If these apply to you, you probably already employed an army of lawyers.
Fines
The fines can be higher. The often cited number is 20 million euros or 4% of revenue, but these are maxima. Among the list of possible santions is also a written warning. Of course fines need to be substantial, or else the law won't have any effect, but it's not going to be an all-out mayhem like most Americans seem to think.
It still looks like a lot of changes, but if you read all of the above, you've seen that the vast majority of changes for the vast majority of companies is just details here and there. The largest change is having to keep a list of personal data that your company processes, and even that is only partially new. The other change that will require some real manhours is checking all your consent pages, because they now need to contain some boilerplate info on people's rights.
Unless, of course, you never complied with the old rules. Or your name is Facebook and you do things like facial recognition on a global scale... yeah, then some bigger changes are in order. To that, I say: hurray!
PS. About international applicability
I'm not a lawyer and I never got a straight answer from a trustworthy source, so this one is based on what I've read in different places and cases. It is said that GDPR claims to apply to anyone who processes data about someone from the EU. Well, I've got news for you: that's about as true as saying that the local law about anything applies internationally. You can shoot a bullet from Mexico into the USA and kill someone, and the USA will claim their law applies, but so might Mexico. There might be an extradition treaty, but given that issue about the wall ("and they'll pay for it"), I doubt there exists such a thing between these two countries. Hypothetically, it might have been legal in Mexico to kill the specific person you killed because they were an enemy of the state.
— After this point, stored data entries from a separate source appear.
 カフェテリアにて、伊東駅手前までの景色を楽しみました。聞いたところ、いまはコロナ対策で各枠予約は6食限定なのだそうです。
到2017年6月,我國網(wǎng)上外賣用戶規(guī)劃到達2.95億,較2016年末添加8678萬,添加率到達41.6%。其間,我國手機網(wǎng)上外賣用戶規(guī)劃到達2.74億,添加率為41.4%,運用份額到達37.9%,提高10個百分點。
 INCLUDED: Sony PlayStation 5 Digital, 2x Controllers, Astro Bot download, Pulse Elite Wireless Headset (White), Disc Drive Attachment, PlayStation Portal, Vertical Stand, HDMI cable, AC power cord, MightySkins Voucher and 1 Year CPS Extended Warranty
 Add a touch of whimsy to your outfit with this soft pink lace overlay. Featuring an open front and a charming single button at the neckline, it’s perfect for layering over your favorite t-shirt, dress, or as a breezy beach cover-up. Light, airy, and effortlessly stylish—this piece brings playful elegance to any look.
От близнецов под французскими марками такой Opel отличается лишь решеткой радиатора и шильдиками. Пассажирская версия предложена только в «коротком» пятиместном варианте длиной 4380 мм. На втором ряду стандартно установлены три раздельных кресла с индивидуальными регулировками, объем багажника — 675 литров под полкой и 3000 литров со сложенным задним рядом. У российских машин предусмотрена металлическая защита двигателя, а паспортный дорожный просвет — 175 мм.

As far as I've heard, both from people who studied law and amateurs on the internet, it's pretty much whatever the authority feels like that day. Also before the GDPR, if Google would do something to a Dutchman that is illegal here, and Google has a Dutch office or something else here, the government could (if they felt like it) decide to seize assets and enforce things that way. This never happened as far as I know (under privacy laws at least), but with GDPR they are making a bigger point of it, so anyone doing business here might risk a ban by not complying. But, similarly, if some island in the middle of the ocean claims "you must pay tribute whenever one of ours does you the honor of coming to your country", that doesn't mean it is actually enforceable. Of course, the EU doesn't like to admit that.